How to best create a model that shares weights between different dimensions of the input features?
I tried multiple ways of implementing this. One way that it works looks like this:

class DynamicWeightSharingModel(torch.nn.Module):
    def __init__(self, ranges:dict):
        super().__init__()
        dim = len(ranges.keys())
        print(dim)
        self.w = torch.nn.Parameter(torch.zeros((dim,)))
        self.ranges = ranges
        for idx,name in enumerate(self.ranges.keys()):
            self.register_buffer(name,torch.ones((self.ranges[name])))

    def forward(self, x)
        shared_weigts = []
        for idx,name in enumerate(self.ranges.keys()):
            shared_weigts.append(self.w[idx] * self.__dict__['_buffers'][name])
        shared_weigts = torch.concat(shared_weigts, dim=0)
        res = (x1 * shared_weigts)
        return res

The idea is the following, let x be 3d features vector x=[x1,x2,x3], i want to be able to multiply x1 and x2 with w1 and x3 with w2. Unfortunately it requires to create shared_weights sequentially in every iteration. So maybe there is a better way?
I tried putting the creation of “shared_weigts” into the init function but then there will be problems when calling loss.backward() a second time.
I also came up with another implementation where i add an additional dimension to the input for all feature dimensions that are supposed to be multiplied by the same weight. So e.g let x=[x1,x2,x3,x4] => [[x1,x2],[x2,x3]] and then use broadcasting with w=[w1,w2].
Unfortunately this requires to use channels of the same dimension unlike in the example above.
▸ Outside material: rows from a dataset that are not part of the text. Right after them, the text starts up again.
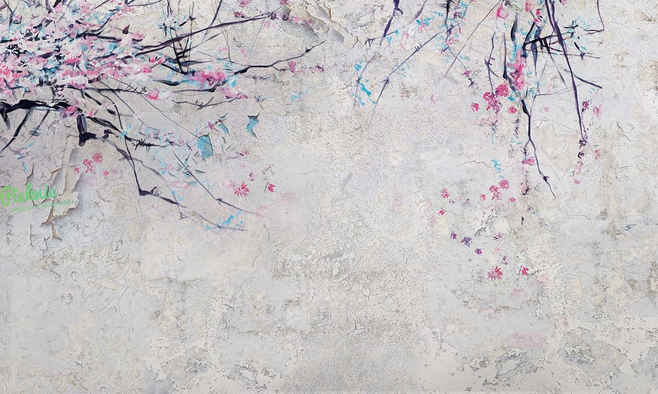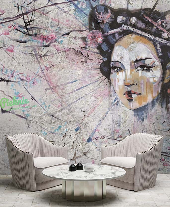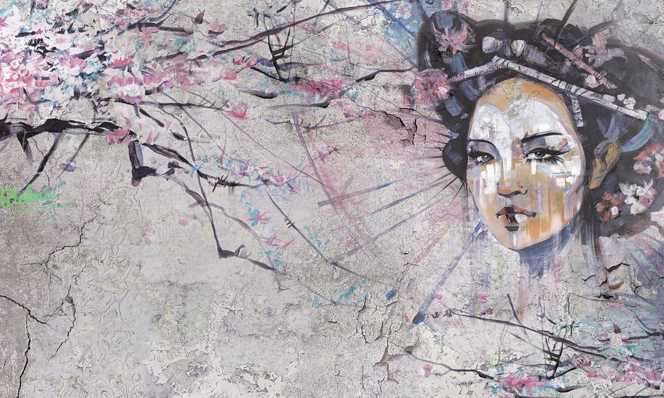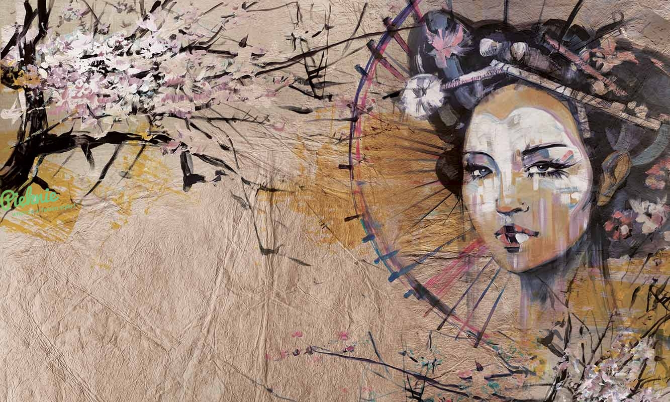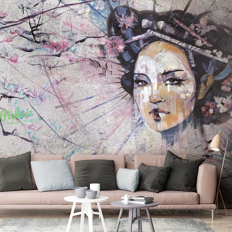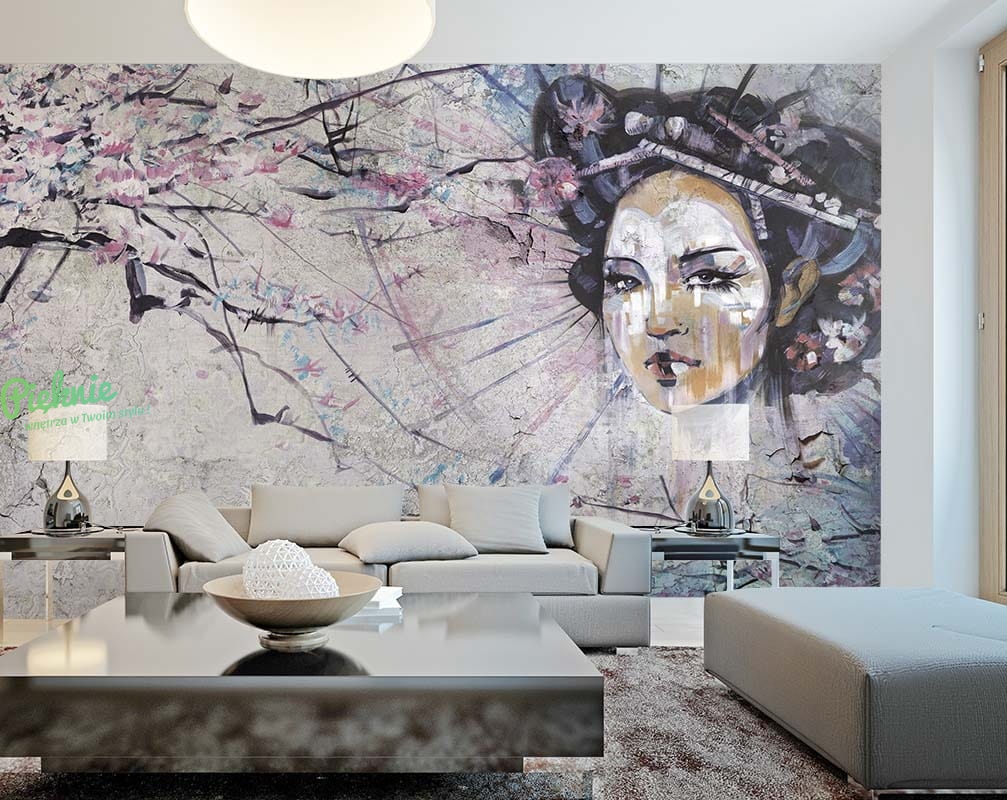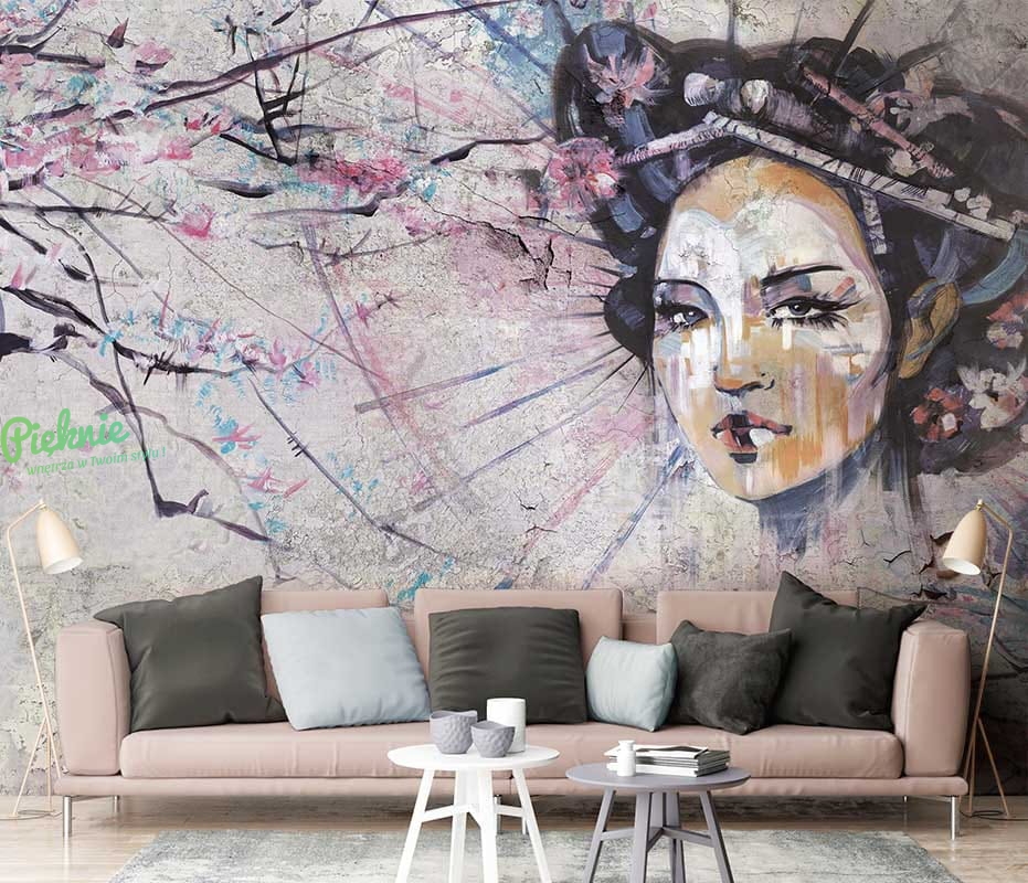 Orientalna tapeta fizelinowa z motywem Gejszy i wiśniowych gałęzi.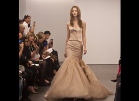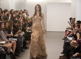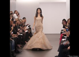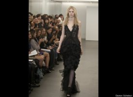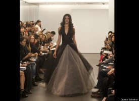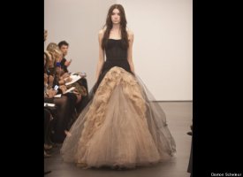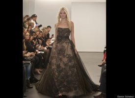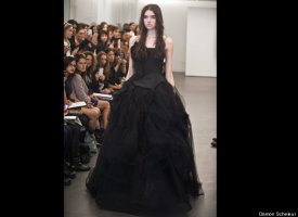 Vera Wang, the unofficial queen bee of the bridal couture world, showed her latest collection on Sunday as part of New York's bridal fashion week. Her dresses -- artfully witchy-looking frocks made from deconstructed chiffon, silk, tulle and organza in decidedly non-traditional tones like nude and black, were perhaps more funeral than bridal (indeed, there was nary a white dress in sight) -- but trust us that her unusual show was one of the most stunning we've ever seen, whether in the bridal couture world or beyond. Check out some highlights from the show below, and let us know: would you wear a black dress on your wedding day?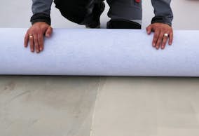 6. Skruva fast en regel (syllen) längs med din markering på golvet (med undantag för där ev. dörr/öppning ska vara). Vill du ha extra ljudisolering kan du lägga en syllisolering mellan golvet och syllen. Använd till exempel en gummimatta, är underlaget betong kan du ta grundpapp.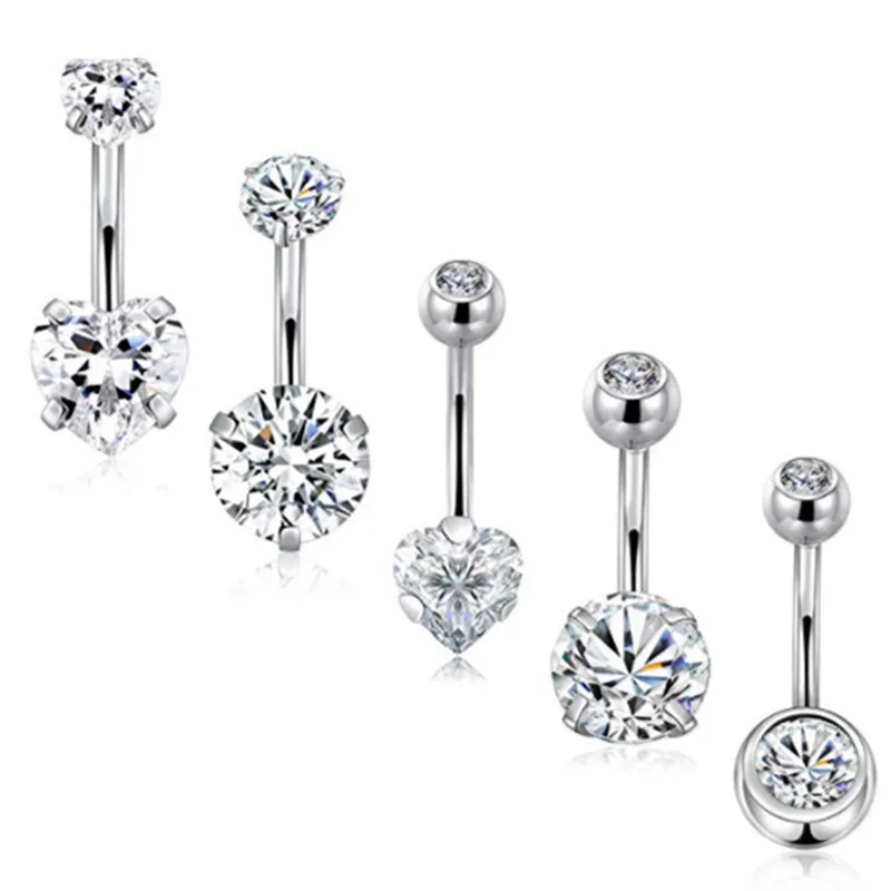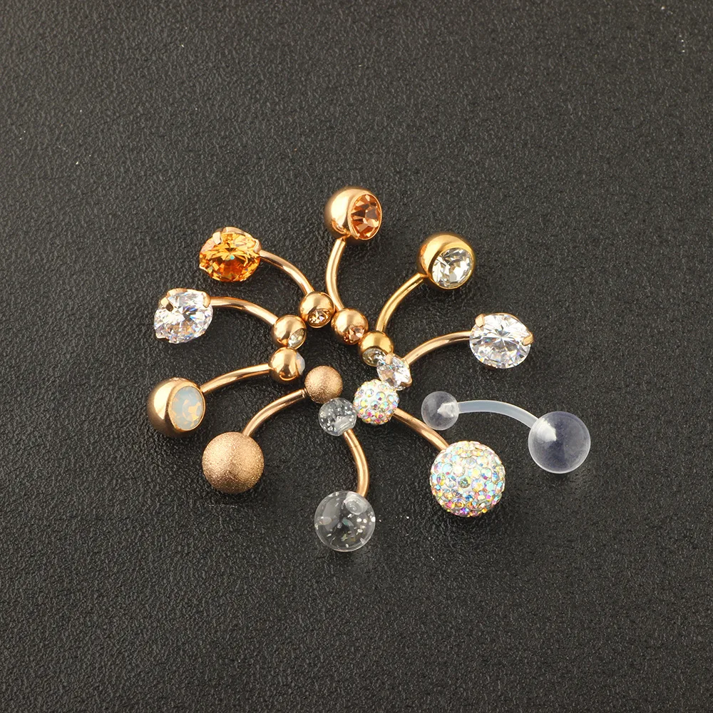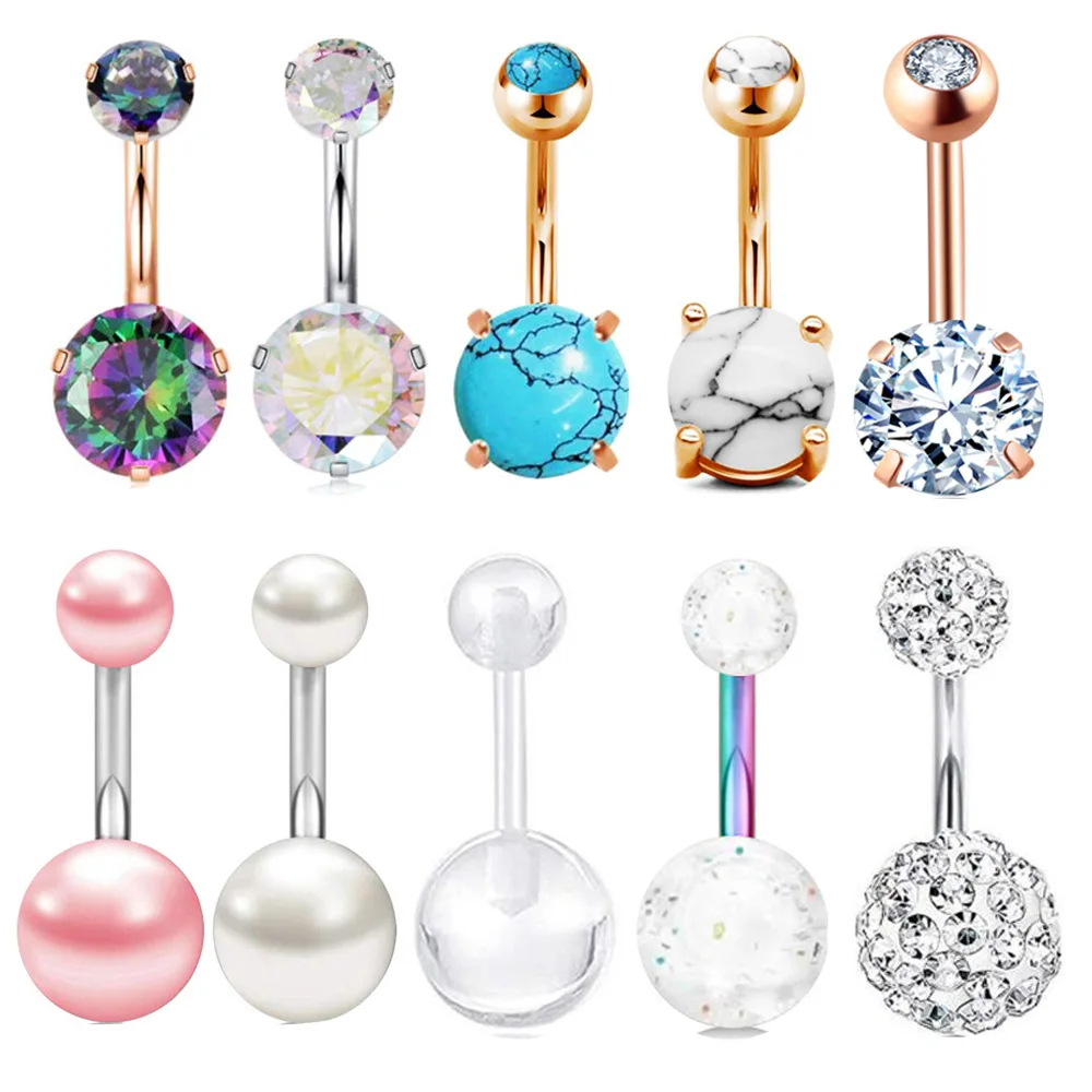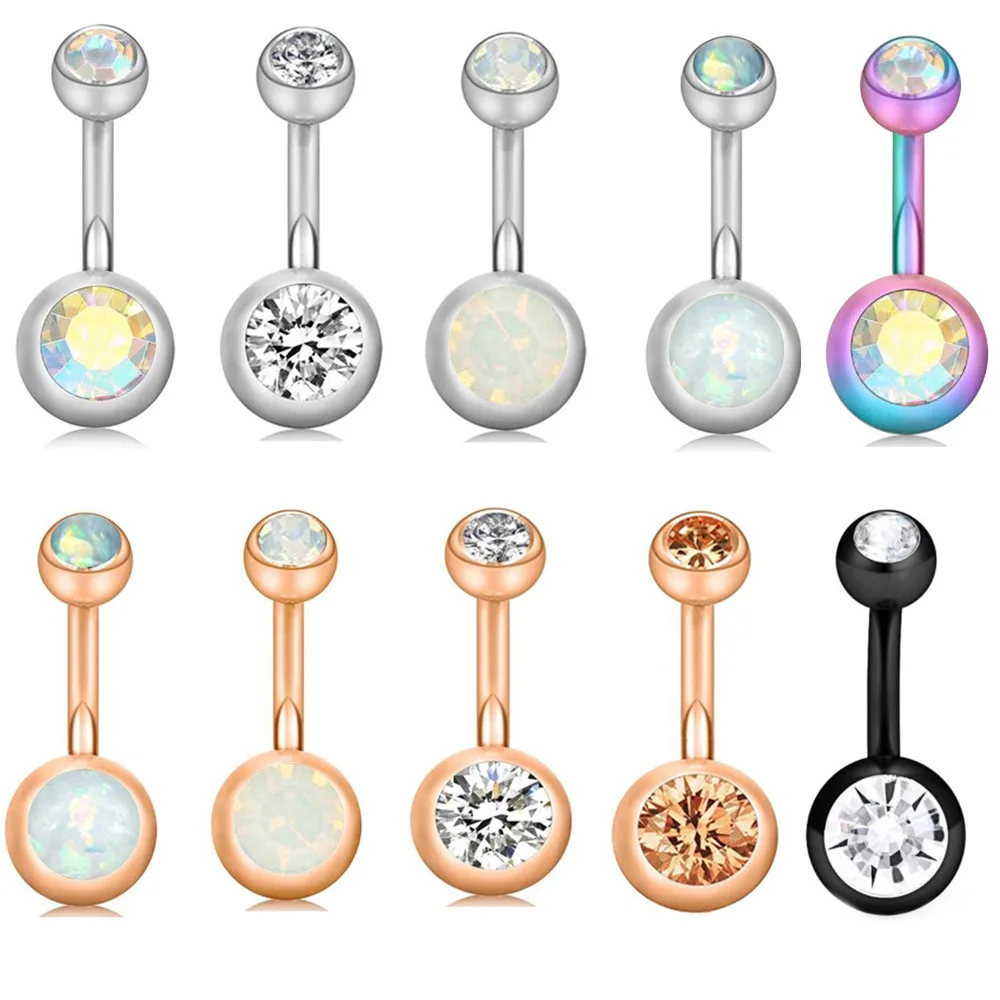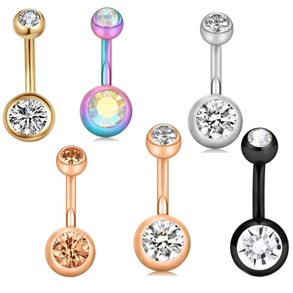 Набор колец для пупка с кристаллами из хирургической стали, блестящее набор для пирсинга для пупка 14 г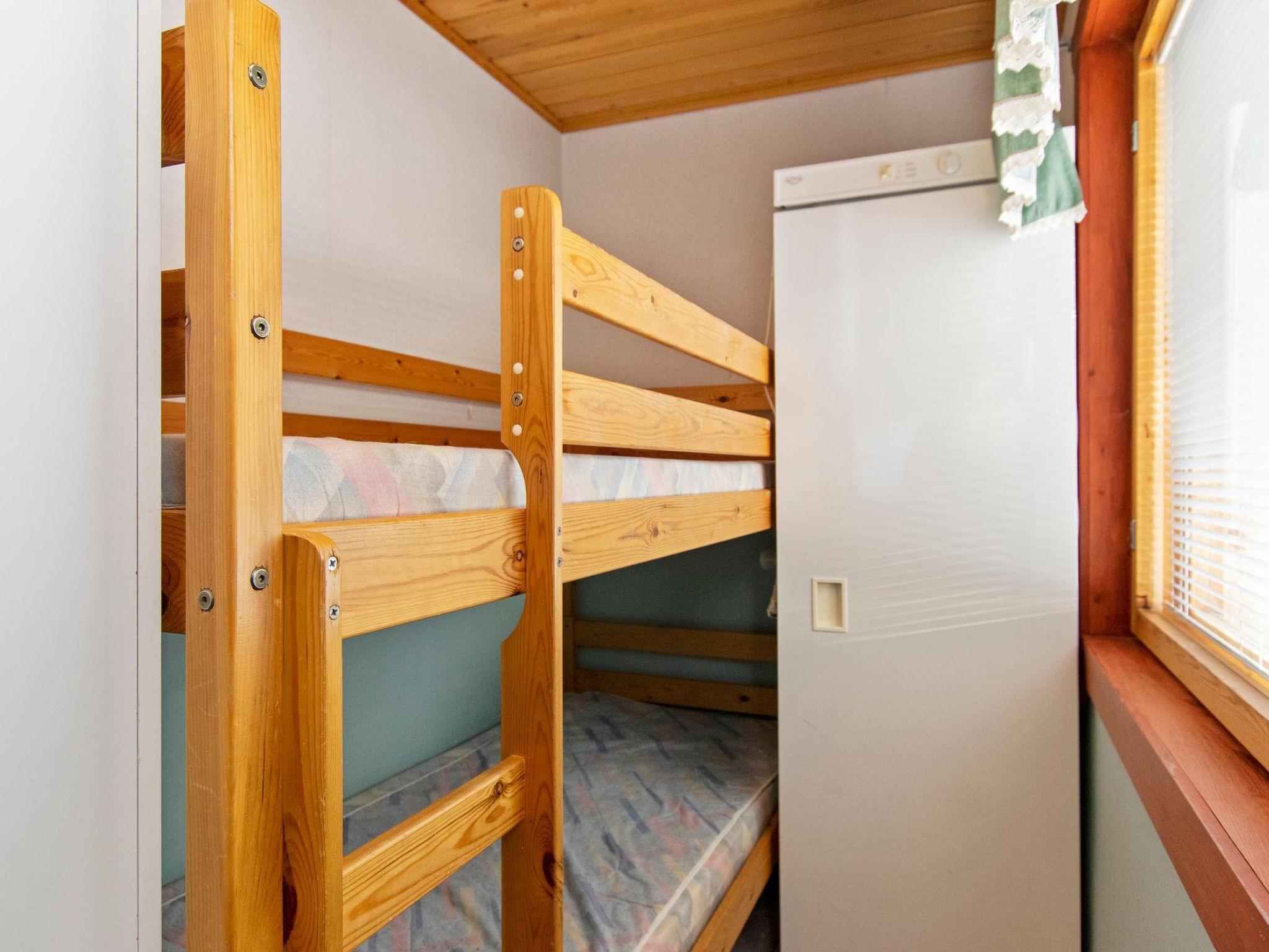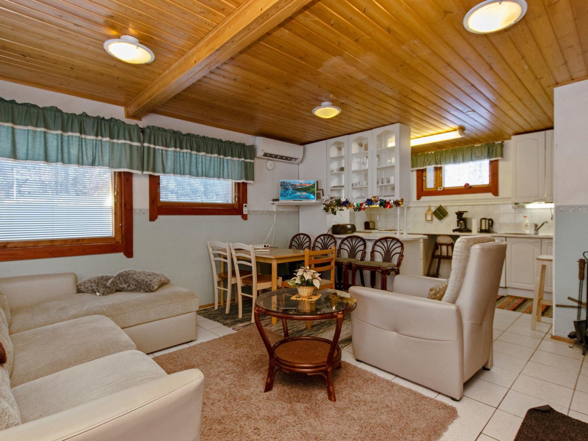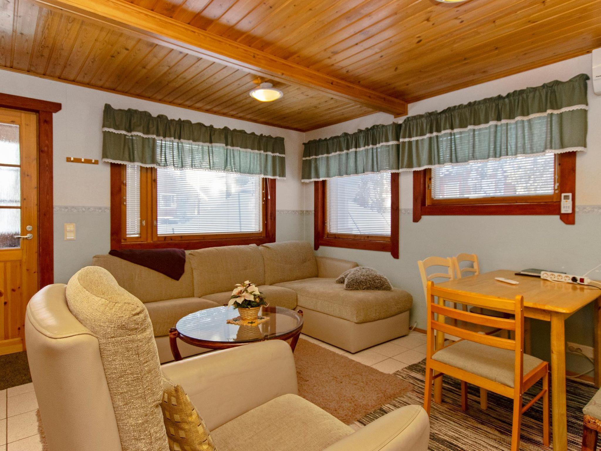 The downstairs of a semi-detached house located in the Ukkohalla tourism centre, 42 m², built in 1997. Kitchen, 2 sleeping corners, sauna, shower room/toilet, fireplace. Double bed in the other sleeping corner and a bunk bed in the other, sofa-bed in the living room.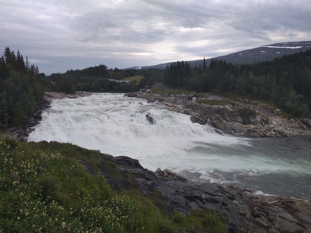 Hemos circulado todo el día por la E6, mucha carretera de alta montaña y nos hemos encontrado con algún corte por obras que aprovechamos para descansar. Casi todo el día acompañadas por un rio que, a veces está encabritado y forma preciosas cascadas y a veces está tranquilo y a penas parece moverse. El sol está presente durante todo el día, pero a las 7 de la tarde, se cierran las nubes y nos cae un buen chaparrón, así que buscamos cabaña, hoy con dificultades. Finalmente encontramos un camping, con su correspondiente rio y que tiene un supermercado cercano donde reponer mercancía.

how about initializing just one unified shared weight, but keep different mask buffers. In forward(), you select corresponding mask up to input and multiply it by the weight.

1 Like

i will try that tomorrow, thank you

Here is what I came up with implementing the mask idea from huahuanZ:

class DynamicWeightSharingModel(torch.nn.Module):
    def __init__(self, ranges:dict ,dim:int):
        super().__init__()
        self.w = torch.nn.Parameter(torch.zeros((len(ranges.keys()),)))
        print(self.w.shape)
        self.ranges = ranges
        start = 0
        masks = []
        for idx,name in enumerate(self.ranges.keys()):
            mask = torch.zeros((dim,1), dtype=bool)
            mask[start:start+self.ranges[name]] =True
            start += self.ranges[name]
            masks.append(mask)
        self.masks = torch.concat(masks, dim=1)
        self.register_buffer("maskes",self.masks)

    def forward(self, x):
        res = x[:,:,None]
        res = res.expand((res.shape[0], res.shape[1],self.masks.shape[1]))
        res = (res * self.w)[:,self.masks]
        return res.sum(dim=1)

It uses expand to create a view that replicates the input according to the number of masks and stacks them, then it will be multiplied by the weight vector and then the masks are applied. The downside to this is that this requires as many multiplications with w as there are mask and also it might not be very memory efficient since i assume the result of (res * self.w) will be stored in memory first. So is there a better way still?

I found that the most efficient way to implement this is using:
torch.repeat_interleave